The Art Farmer Septet is an album by trumpeter Art Farmer, featuring performances recorded in 1953 and 1954, arranged by Quincy Jones and Gigi Gryce, and released by Prestige Records in 1956. It is his earliest recorded full-length album, but was his third issued. The cover art was by cartoonist Don Martin.

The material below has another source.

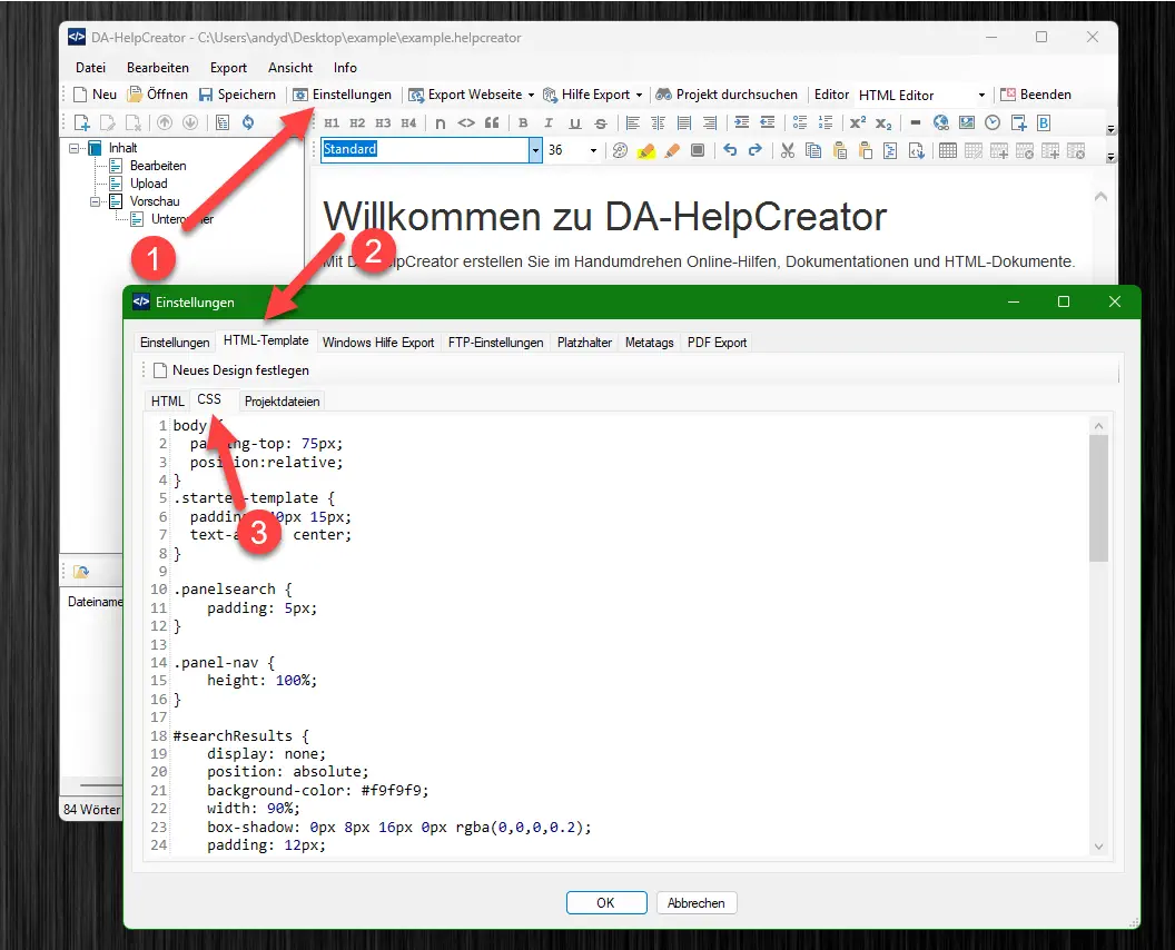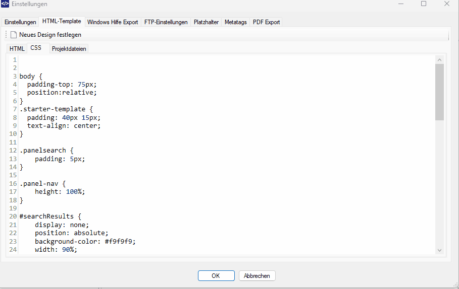 Die geht in DA-HelpCreator mittels CSS-Formatvorlagen. Hierzu öffnen wir die Einstellungen, das HTML-Template und hier den Reiter CSS.
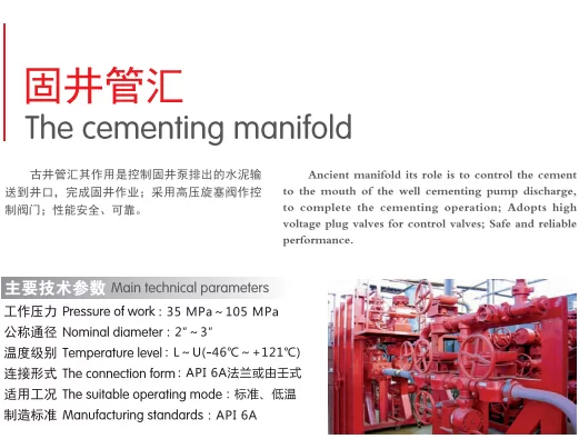 Antik manifoldun rolü, çimentolama işlemini tamamlamak için kuyunun ağzına kadar çimentolama pompasının boşaltılmasını kontrol etmektir; Kontrol vanaları için yüksek voltajlı plug vanaları kullanır; Güvenli ve güvenilir!

The recordings made on July 2, 1953 are possibly the earliest studio recordings of the electric bass, according to musician Chuck Rainey. The four tracks with electric bass, played by Monk Montgomery, display his facility with walking bass lines, bebop melodies, and Latin-style ostinato  (Chuck Rainey said that Monk was the first to record the electric bass). Arranger Quincy Jones highlights Montgomery in the opening sections of three of the four tracks.

All of the players on the 1953 recording were at that time members of the Lionel Hampton Orchestra, and subsequently toured europe with Hampton from September to December 1953, except Sonny Johnson. Johnson was a previous associate of bass player Monk Montgomery, from Indiana.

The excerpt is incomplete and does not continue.